**EXERCISE**
Without the pictures, repeat all of the data exactly as it appears below.

**PROVIDED MATERIAL**
* * *
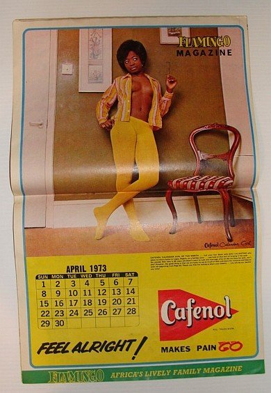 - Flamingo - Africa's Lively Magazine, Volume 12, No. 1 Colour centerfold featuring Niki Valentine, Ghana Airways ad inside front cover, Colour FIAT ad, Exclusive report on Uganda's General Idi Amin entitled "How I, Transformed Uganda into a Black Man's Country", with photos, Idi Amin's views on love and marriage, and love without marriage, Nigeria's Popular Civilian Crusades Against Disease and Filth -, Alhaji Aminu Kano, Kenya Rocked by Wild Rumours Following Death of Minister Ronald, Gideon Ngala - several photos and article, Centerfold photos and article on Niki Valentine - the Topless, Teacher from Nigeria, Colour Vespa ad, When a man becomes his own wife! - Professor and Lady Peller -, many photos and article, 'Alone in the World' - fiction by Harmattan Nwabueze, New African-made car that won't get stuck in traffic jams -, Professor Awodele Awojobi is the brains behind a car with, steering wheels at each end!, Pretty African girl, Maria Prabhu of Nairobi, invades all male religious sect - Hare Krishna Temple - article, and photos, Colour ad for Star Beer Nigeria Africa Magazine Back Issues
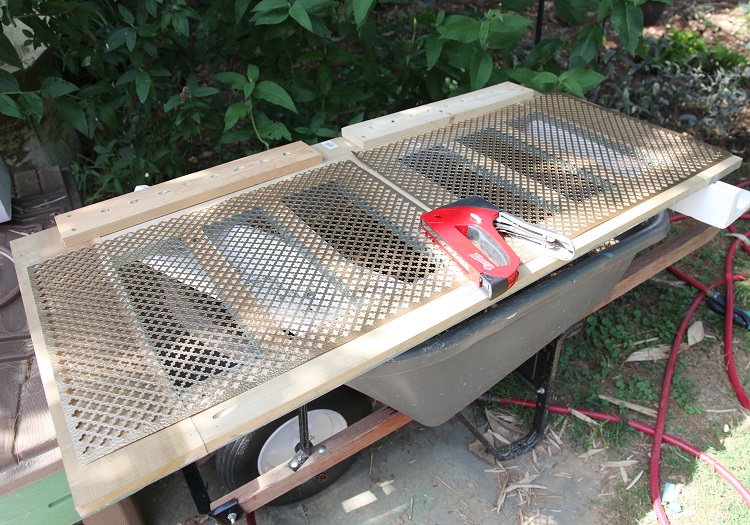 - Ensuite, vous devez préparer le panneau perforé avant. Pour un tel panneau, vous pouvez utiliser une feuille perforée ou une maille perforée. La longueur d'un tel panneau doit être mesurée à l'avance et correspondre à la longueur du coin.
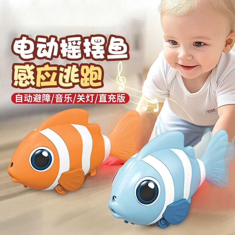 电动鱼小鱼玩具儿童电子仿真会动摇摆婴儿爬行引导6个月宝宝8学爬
* * *
**RESPONSE TO THE TASK**
 - Flamingo - Africa's Lively Magazine, Volume 12, No. 1 Colour centerfold featuring Niki Valentine, Ghana Airways ad inside front cover, Colour FIAT ad, Exclusive report on Uganda's General Idi Amin entitled "How I, Transformed Uganda into a Black Man's Country", with photos, Idi Amin's views on love and marriage, and love without marriage, Nigeria's Popular Civilian Crusades Against Disease and Filth -, Alhaji Aminu Kano, Kenya Rocked by Wild Rumours Following Death of Minister Ronald, Gideon Ngala - several photos and article, Centerfold photos and article on Niki Valentine - the Topless, Teacher from Nigeria, Colour Vespa ad, When a man becomes his own wife! - Professor and Lady Peller -, many photos and article, 'Alone in the World' - fiction by Harmattan Nwabueze, New African-made car that won't get stuck in traffic jams -, Professor Awodele Awojobi is the brains behind a car with, steering wheels at each end!, Pretty African girl, Maria Prabhu of Nairobi, invades all male religious sect - Hare Krishna Temple - article, and photos, Colour ad for Star Beer Nigeria Africa Magazine Back Issues
 - Ensuite, vous devez préparer le panneau perforé avant. Pour un tel panneau, vous pouvez utiliser une feuille perforée ou une maille perforée. La longueur d'un tel panneau doit être mesurée à l'avance et correspondre à la longueur du coin.
 电动鱼小鱼玩具儿童电子仿真会动摇摆婴儿爬行引导6个月宝宝8学爬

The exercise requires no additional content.